Впрочем, подобная романтическая экстраординарность — обычный, если не обязательный, набор для настоящего великого байлаора (так называются испанские танцовщики): судьба Кармен Амайи, например, не менее мифологична. Но ключевой момент в отношениях с танцем у каждого из этих великих — свой. Амайя разрушила границы между мужским и женским танцем, бесстрашно бросившись в самые неистовые и воинственные ритмы. Сестры Пилар Лопес и Ла Архентина привнесли во фламенко элементы балетной техники и экзерсиса и начали использовать фламенко в театральных спектаклях. У Гадеса же, хоть он и ставил танцевальные драмы, главная «фишка», напротив, поиск утраченной аутентичности фламенко.
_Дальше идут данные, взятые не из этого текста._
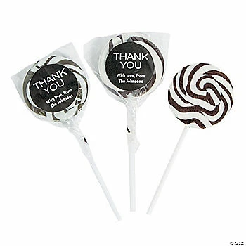 Budget π Personalized Thank You Swirl Lollipops – Black & White π
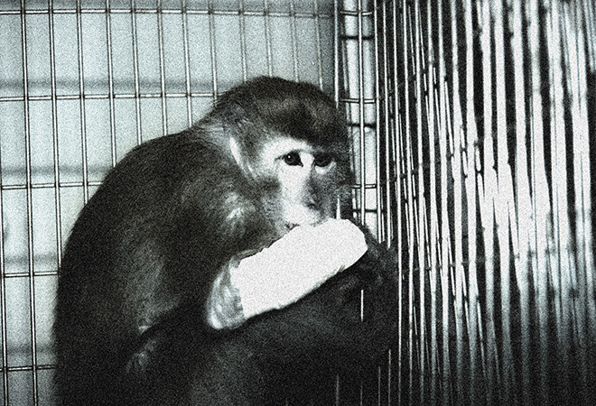 電流の強さは弱く、痛みは感じられますが怪我・死亡にはならない程度です。しかし猿がレバーを引いてくれるために、リンゴやバナナなどの果物を両方のレバーに刺しています。最初猿はルールが分からなくて、『なんで電撃が出るの?』、『えっ?これさっき電撃が出なかったっけ?』のよう迷っていました。痛みへの恐怖心、食欲、認知とズレる不思議感など……猿が電撃、果物と思考中数日過ごしました。しかし猿はイルカ、カラスに負けない高知能を持っている生物で、結局ルールは猿に解明されました。それ以来猿は電撃されることなく、バナナやリンゴを安心に美味しく食べられます。

Он любой ценой добивался от актеров реальных, несыгранных страстей, в «имиджевом» ряду событий его жизни важнейшее место занимает, например, то, что он уже в зрелом возрасте пошел в ученики к столетнему цыгану, и, конечно, то, что, едва завоевав известность, Гадес покинул труппу учительницы и благодетельницы как слишком театрализованную и искусственную. Он основал свою — «Труппу Антонио Гадеса», где был не просто танцовщиком, но королем и харизматиком. Там-то он и устраивал провокации за кулисами, чтобы вызвать у артистов исступление на сцене.

Между тем, если мы посмотрим на Антонио Гадеса не сквозь призму его впечатляющей судьбы и фламенковской мифологии, а сквозь призму истории танца, мы увидим, что он один из тех, кто последовательно превращал танец фламенко в театр, обуздывая его иррациональную стихийность и делая его хореографическим языком, альтернативным классическому танцу балета. Более того: он пошел куда дальше Лопес с ее занятиями балетным экзерсисом, потому что не просто пытался поставить фольклорный танец на «регулярную» классическую основу, но последовательно делал его выразительным средством, призванным решать театральные задачи. И еще потому, что к театру он шел даже не через танцевальные подмостки, но через кино — искусство, в котором спонтанность и инстинктивность в любом случае проходят через технологические и волевые — режиссерской и операторской воли — фильтры. Характерно, что Гадес «проснулся знаменитым» не тогда, когда начал танцевать свою коронную фарруку, а тогда, когда известный испанский режиссер Карлос Саура снял с ним и с его труппой три фильма, где терялась грань между артистом и персонажем, между стихией фламенко и стихией жизни. Стирание границ между реальностью и ее проекциями — например, между прошлым и будущим — вообще было постоянной темой Сауры, и фламенко, а тем более фламенко Антонио Гадеса, стремившегося сгорать на сцене и требовавшего того же от своих артистов, оказалось благодатной почвой для развития темы.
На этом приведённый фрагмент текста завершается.